The real test comes in the non-Markovian regime, where no exact solution exists. Here, framestacked RL still finds strong control policies as memory strength varies and even when observations are corrupted by realistic measurement noise. The agent learns a single policy that generalizes across different memory parameters without retraining. That matters clinically since you rarely know a tumor’s exact molecular memory profile.
The physics contribution here is real, not decorative. Kratz and Adamczyk bring tools from optimal control theory, including bang-bang constraints and Pontryagin’s maximum principle, to guide what would otherwise be a pure black-box learning problem. Their agent doesn’t just stumble onto a good policy; it finds policies that respect the underlying physics.
Mixing principled modeling with data-driven optimization is increasingly how the hardest problems in biophysics and medicine get solved. The framework extends well beyond cancer, too. Bacterial biofilms, immunotherapy resistance, even ecosystems responding to environmental change are all adaptive systems with memory where these methods could apply.
The authors’ next steps: move from deterministic population models to stochastic ones, incorporate pharmacokinetic effects (how drugs actually distribute and decay in the body), and connect to real experimental data from cell culture or clinical trials.
Bottom Line: By combining a memory-based cell-switching model with deep RL and framestacking, Kratz and Adamczyk show that AI can find near-optimal drug dosing strategies even when cells “remember” past treatment.
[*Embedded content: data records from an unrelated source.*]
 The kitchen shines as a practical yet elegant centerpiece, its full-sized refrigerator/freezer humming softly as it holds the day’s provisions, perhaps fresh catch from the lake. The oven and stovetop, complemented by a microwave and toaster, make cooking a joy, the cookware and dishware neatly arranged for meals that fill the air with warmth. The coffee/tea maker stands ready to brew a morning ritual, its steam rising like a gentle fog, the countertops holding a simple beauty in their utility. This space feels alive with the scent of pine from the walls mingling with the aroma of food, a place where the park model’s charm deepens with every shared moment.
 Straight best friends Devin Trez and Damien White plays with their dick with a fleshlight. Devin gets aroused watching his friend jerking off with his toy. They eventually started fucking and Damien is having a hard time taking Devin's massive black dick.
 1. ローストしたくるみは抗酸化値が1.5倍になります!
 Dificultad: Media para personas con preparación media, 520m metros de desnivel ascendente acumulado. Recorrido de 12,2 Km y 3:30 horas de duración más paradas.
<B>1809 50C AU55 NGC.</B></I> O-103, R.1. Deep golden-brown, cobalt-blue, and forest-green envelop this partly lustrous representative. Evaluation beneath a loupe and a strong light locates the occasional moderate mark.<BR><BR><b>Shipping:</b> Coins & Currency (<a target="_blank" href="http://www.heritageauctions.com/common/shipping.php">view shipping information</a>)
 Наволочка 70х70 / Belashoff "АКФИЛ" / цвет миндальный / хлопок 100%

That’s a concrete step toward genuinely adaptive, personalized cancer therapy.
IAIFI Research Highlights
This work combines optimal control theory from physics with model-free deep reinforcement learning to solve a biologically realistic dosing problem that neither field could crack alone.
Incorporating physics-derived constraints (bang-bang control) into RL training sharply improves sample efficiency and policy quality, showing a path for physics-informed RL in complex dynamical systems.
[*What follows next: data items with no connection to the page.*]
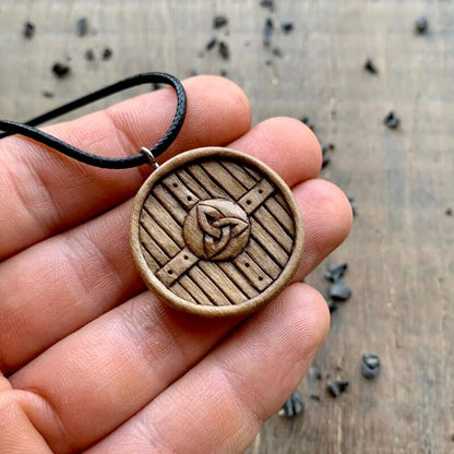 Handcarved Unique Wood Walnut Viking Shield Triquetra Pendant
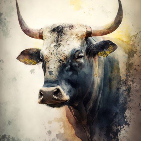 Bull Face 36×48 Gallery Wrapped Hand Embellished Giclee Canvas
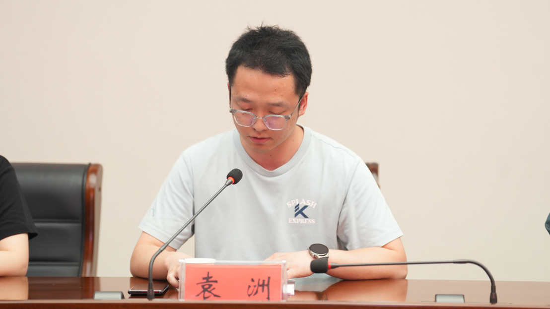 青年教师袁洲作为代表发言。他结合时鹏老师的榜样力量,要学其爱岗敬业的职业操守、学其精益求精的治学态度、学其爱生如子的教育情怀,并号召青年教师以劳模精神为灯塔,在育人实践中实现自我价值。
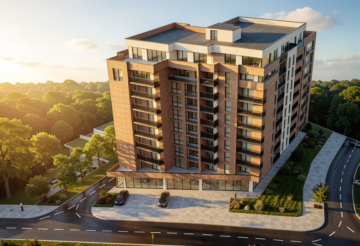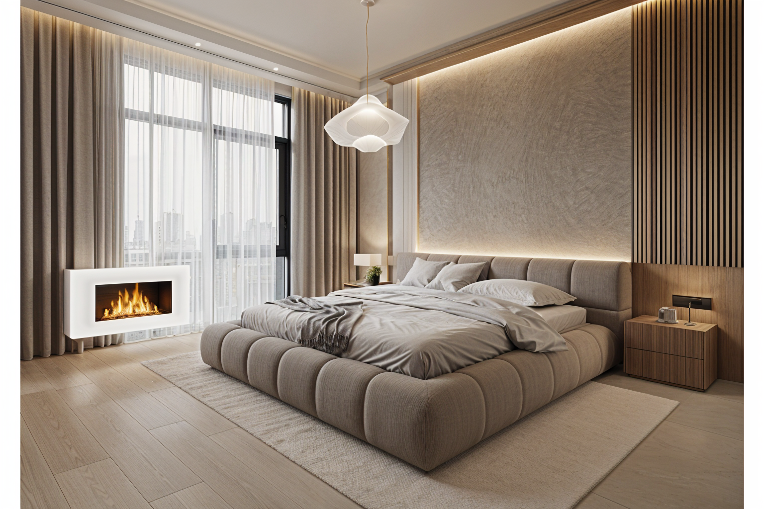 e una sala per cene a terra abbiamo un pavimento in parquet in rovere chiaro continuo a liscio sulla parete di sinistra c sopra alla cucina un tubo in acciaio zincato la cucina ha una strip led sotto i pensili e il fondo in piastrelle verde opaco in rilievo leggermente bombate nella parete di fondo dipinto un arco verde le altre pareti sono bianche al centro abbiamo una tavola con il piano in marmo calacatta e gambe in ferro nero sopra alla tavola ci sono delle lampade a sospensione in ceramica opaca verde e sono accese le sedie sono in legno di colore verde sulla parete di destra ci sono sgabelli in legno e un pianale bianco con sotto una strip led metti qualche piatto sparso sulla tavola per simulare una cena gi iniziata e qualche attrezzo sulla cucina in esterno simula una luce di tarda serata con sfondo di alberi che si intravede dalla tenda

The paper introduces a non-Markovian phenotypic switching model that captures long-range temporal memory in biological populations, advancing the mathematical physics of living adaptive systems.
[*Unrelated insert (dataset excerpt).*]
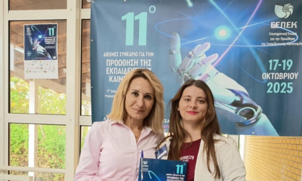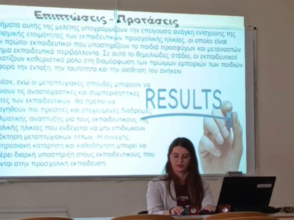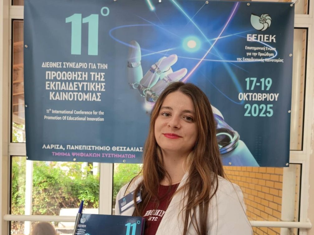 Η πρώτη με τίτλο “Computational Thinking and Bullying Prevention in the Preschool Using AI Tools”, εστίασε στη χρήση εργαλείων τεχνητής νοημοσύνης για την καλλιέργεια υπολογιστικής σκέψης και την πρόληψη του σχολικού εκφοβισμού στην προσχολική ηλικία. Η δεύτερη εισήγηση, με τίτλο “Perceptions of Pre-School Teachers about Refugee Education: The Role of Professional Background and Personal Exposure to Cultural Diversity”, παρουσιάστηκε σε συνεργασία με την κα Βασιλική Πασχαλούση, απόφοιτη του προγράμματος σπουδών στην Προσχολική Αγωγή, η οποία συνεχίζει τις σπουδές της στο μεταπτυχιακό στην Ψυχολογία Παιδιών εφαρμοσμένη σε Εκπαιδευτικό Πλαίσιο, ΜΑ Child Psychology for Education, του Μητροπολιτικού Κολλεγίου.
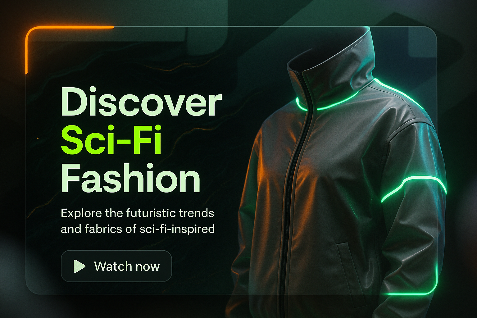 Stylish promotional banner showcasing a sci-fi inspired jacket with glowing accents. Ideal for fashion marketing aimed at tech-savvy audiences.

Future work will extend the framework to stochastic dynamics and experimental validation. The paper is by IAIFI-affiliated author Jacob Adamczyk and is available as [arXiv:2410.08439](https://arxiv.org/abs/2410.08439).
Original Paper Details
Reinforcement Learning for Control of Non-Markovian Cellular Population Dynamics
[2410.08439](https://arxiv.org/abs/2410.08439)
Josiah C. Kratz, Jacob Adamczyk
Many organisms and cell types, from bacteria to cancer cells, exhibit a remarkable ability to adapt to fluctuating environments. Additionally, cells can leverage a memory of past environments to better survive previously-encountered stressors. From a control perspective, this adaptability poses significant challenges in driving cell populations toward extinction, and thus poses an open question with great clinical significance. In this work, we focus on drug dosing in cell populations exhibiting phenotypic plasticity. For specific dynamical models switching between resistant and susceptible states, exact solutions are known. However, when the underlying system parameters are unknown, and for complex memory-based systems, obtaining the optimal solution is currently intractable. To address this challenge, we apply reinforcement learning (RL) to identify informed dosing strategies to control cell populations evolving under novel non-Markovian dynamics. We find that model-free deep RL is able to recover exact solutions and control cell populations even in the presence of long-range temporal dynamics. To further test our approach in more realistic settings, we demonstrate robust RL-based control strategies in environments with measurement noise and dynamic memory strength.